Discrete optimal transport addresses the problem of redistributing mass between discrete distributions. In this blog, we will show how the discrete optimal transport problem can be reduced to a linear program.

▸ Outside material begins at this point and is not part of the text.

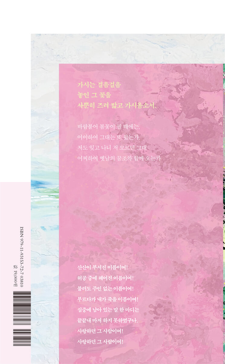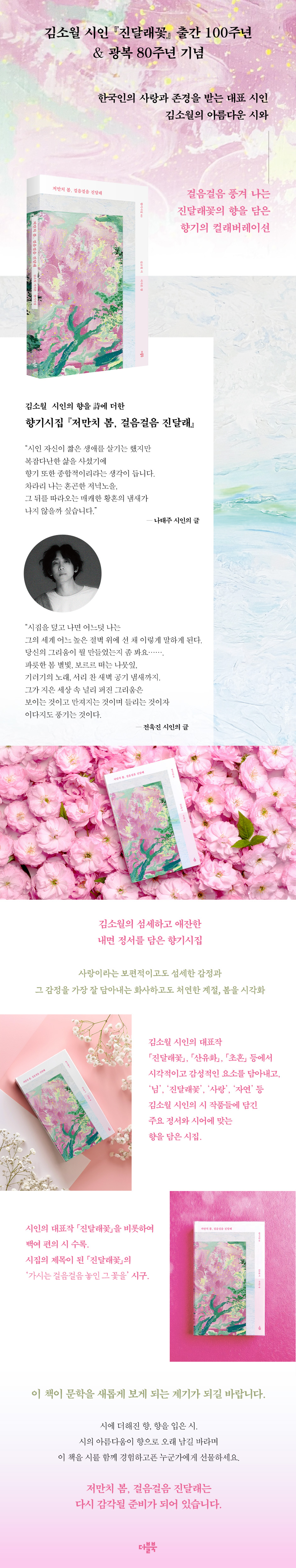 사랑하던 그 사람이여!” 김소월의 섬세하고도 애잔한 정서를 담은 향기시집 김소월 시인의『진달래꽃』시집 출간 100주년이자 광복 80주년을 기념하는 향기시집《저만치 봄, 걸음걸음 진달래》에는 시인의 대표작 「진달래꽃」을 비롯하여 백여 편의 시들이 담겼다. 특히 「진달래꽃」의 ‘가시는 걸음걸음 놓인 그 꽃을’ 시구에서 이번 시집의 제목이 비롯되었다. 이 시집은 시인의 많은 작품에서 대할 수 있는 섬세하고도 애잔한 내면 정서가 스파이시 머스크 우드 향으로 강조되었다. 《저만치 봄, 걸음걸음 진달래》는 김소월 시인을 깊이 깃든 사랑과 슬픔이라는 개인적 정서에 시대적 애환을 절절히 반영하여 더욱 보편적 감정이 생생하게 드러나는 시인으로 조명했다. 시인의 많은 작품에서 드러나는 여성 화자와 대상에 대한 절절한 애정과 동경을 ‘화사하고도 애잔한 봄’의 이미지로 시각화한 것이 이번 시집의 콘셉트다. '1부 샛보얀 그리움, 2부 거뭇한 설움, 3부 송글한 아림, 4부 나릿한 머묾'까지 각각 ‘그리움, 설움, 고향을 떠올리며 느끼는 아리는 정서, 대상을 갈구하며 대상에 머물고자 하는 정서’라는 주제를 아로새긴 시인의 작품들로 사랑이라는 보편적이고도 섬세한 감정과 그 감정을 가장 잘 담아내는 화사하고도 처연한 계절, 봄의 정서를 독자에게 전한다. 나태주 시인과 전욱진 시인이 전하는 김소월 시인의 향기(추천사) 매캐한 황혼의 냄새 윤동주 선생의 시집은 샘물처럼 깨끗하고 새벽처럼 푸르른 향기였으면 좋겠다는 생각을 했습니다. 그렇다면 김소월 선생의 향기시집은 어떤 향기가 나면 좋을까요? 언뜻 진달래꽃 향기. 은은하고 부드럽고 사랑스런 향기. 하지만 김소월 선생에게서 나는 향기는 그렇게 단일의 향기만은 아닌 것 같습니다. 출판사의 스스로 평가와 설명은 그렇습니다. ‘봄의 싱그러움과 달콤함을 은은하게 표현했습니다.’ 글쎄요. 김소월 선생의 향기는 그렇게 단순하기만 할까요? 시인 자신이 짧은 생애를 살기는 했지만 복잡다난한 삶을 사셨기에 향기 또한 종합적이리라는 생각이 듭니다. 차라리 나는 혼곤한 저녁노을, 그 뒤를 따라오는 매캐한 황혼의 냄새가 나지 않을까 싶습니다. 어쨌든 좋습니다. 출판사의 의도나 조향사는 비록 그런 의도로 향기를 제공했다지만 시집을 펼쳐 향기를 맡는 독자들은 한 가지의 향기만이 아니라 여러 가지의 향기를 더불어 맡아주었으면 하는 것이 나의 소망이며 나의 숨겨진 은근한 소감입니다. 윤동주 선생의 향기시집에 이어 김소월 선생의 향기시집까지 만날 수 있게 되어 내 일처럼 기쁘고 반갑습니다. 향기시집 안에서 우리 만나서 서로 웃고 느끼고 행복했으면 합니다. 당신의 그리움이 뭘 만들었는지 좀 봐요 시詩는 말하지 않음으로써 말한다. 그러나 말해야만 하는 것을 전부 ‘말해내는’ 것이기도 하다. 소월의 시가 꼭 그렇다. 백 년 전에 나타난 이 시인은 종이 위에 가감 없이 그리고 아름답게 토로했다. 만남과 헤어짐이 끊임없이 교차하는 삶의 방식을 이해했으며 그 과정에서 “도적같이 달려드는 슬픔”(「바닷가의 밤」)을 응시했고, 자신의 “깊이 믿던 심성”(「깊이 믿던 심성」)을 탓하지 않았다. 그리하여 백 년이 지난 오늘날 보아도 갓 지어진 세계를, 소월은 완성했다. 시집을 덮고 나면 어느덧 나는 그의 세계 어느 높은 절벽 위에 선 채 이렇게 말하게 된다. 당신의 그리움이 뭘 만들었는지 좀 봐요……. 파릇한 봄 별빛, 보르르 떠는 나뭇잎, 기러기의 노래, 서리 찬 새벽 공기 냄새까지. 그가 지은 세상 속 널리 퍼진 그리움은 보이는 것이고 만져지는 것이며 들리는 것이자 이다지도 풍기는 것이다. 나는 소월의 세계 앞에서 나 홀로 지녔다고 여긴 희부연 그리움이 결코 혼자만의 것이 아님을, “이 나의 맘에 속에 속 모를 곳에/ 늘 있는”(「맘에 속의 사람」) 무연한 정서가 실은 백 년 전의 시인이 개여울에 던지던 꽃부리였음을 깨닫는다. 그렇게 이 세계가 언제나 내가 다시 돌아올 세계임을 느끼면서, 그러니까 온몸으로 감각하면서 “석양 손에/ 고요히 조으는 한때”(「추회追悔」)가 마치 일곱 번째 날처럼 먼 옛날 그에게 주어졌기를 그리고 다가올 미래의 나에게도 주어지기를 기대한다. 지금은 다른 세상이 된 이들과 우리가 집이라고 부르던 모든 순간을 “맘이 물이라/ 저절로 차츰 잊고”(「흘러가는 물이라 맘이 물이면」). 그렇게 흘러오는 백 년 전의 꽃잎을 주워 보면 문득 내 손안에 조약돌로 쥐어져 있다. 나는 우리가 언어라고 일컫는 이 예쁜 돌들을 가지고 탑을 쌓는 중이다. 이것이 백 년 후 누군가에게 새 눈이 새 빛이 새 바람이 새 꿈이 그리고 새 시가 되기를, 기도하는 마음으로. |

Then we will show how to solve the linear programming problem practically.

Discrete probability measures

Let \(X\) and \(Y\) be two discrete measures in the probability spaces \((\Omega_{X}, F_{X}, \mu)\) and \((\Omega_{Y}, F_{Y}, \nu)\).

$$\mu(x) = \sum_{z \in \Omega_{X}} \mu(z) I_{x}(z)$$

The measure of the set \(x\) is the sum of the measures of all the \(z \in \Omega_{X}\) such that \(z \in x\).

similarly

$$\nu(y) = \sum_{z \in \Omega_{Y}} \nu(z) I_{y}(z)$$

with

$$\sum_{x \in \Omega_{X}} \mu(x) = 1$$

and

$$\sum_{y \in \Omega_{Y}} \nu(y) = 1$$

Optimal transport for discrete distributions

the optimal transport problem for discrete distributions is

$$ \begin{align} \text{min} \big\{ \sum_{X\text{x}Y}c_{T}(x,y) \gamma(x,y) : \gamma(x,y) \in \Gamma(x,y) \big\} \end{align} $$

If \(X\) is defined in \(\Omega_{X} = [1, 2, \ldots N]\) and \(Y\) is defined in \(\Omega_{Y} = [1,2, \ldots, M]\). We note \(\mu_i\) the mass of \(i\) in \((\Omega_{X}, F_{X}, \mu)\) and \(\nu_{i}\) the mass of \(i\) in \((\Omega_{Y}, F_{Y}, \nu)\).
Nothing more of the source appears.